How easy is it to embed something into a TV station’s broadcast signal? If I give an ad to a TV network, would they send out the raw MPEG stream I provided? (Lots of networks don’t send TV shows “clean” but they turn off the crap overlays when showing ads.)

Can any part of the TVs be reprogrammed to create a non-internet worm? Like, could the wifi or TV-receiver chips broadcast something on a TV frequency to talk to other “smart” TVs that had internet connectivity disabled?

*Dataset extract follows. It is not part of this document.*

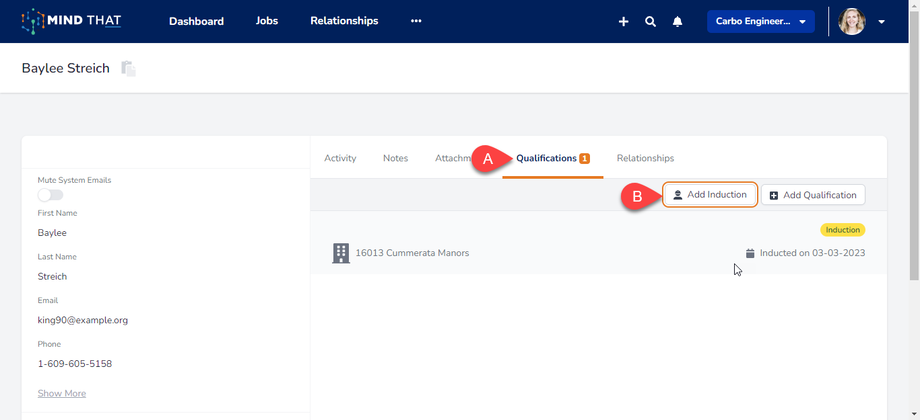 Look for the (a) Qualifications Tab and click. Click the (b) “Add Induction” button and a new dialogue box will appear.

(And while not all TVs have microphones, they all have speakers. It may be possible to use those as microphones.)

Dirk Praet April 1, 2017 9:45 AM

@ Ben A. , @what’s the problem Apple?

Using a VPN before connecting to the TOR browser would be the best way of achieving the highest level of security (for a smartphone) and hopefully avoid leakage.

Please stop saying that before you get either yourself or others in serious trouble. You have to do it the other way around, i.e. tunnel your VPN through Tor. Don’t even take my word for it, but that of @thegrugq instead. Look up any of his writings on the matter.

@ The Dude

The fact remains that most VPN providers are worse than not using a VPN at all.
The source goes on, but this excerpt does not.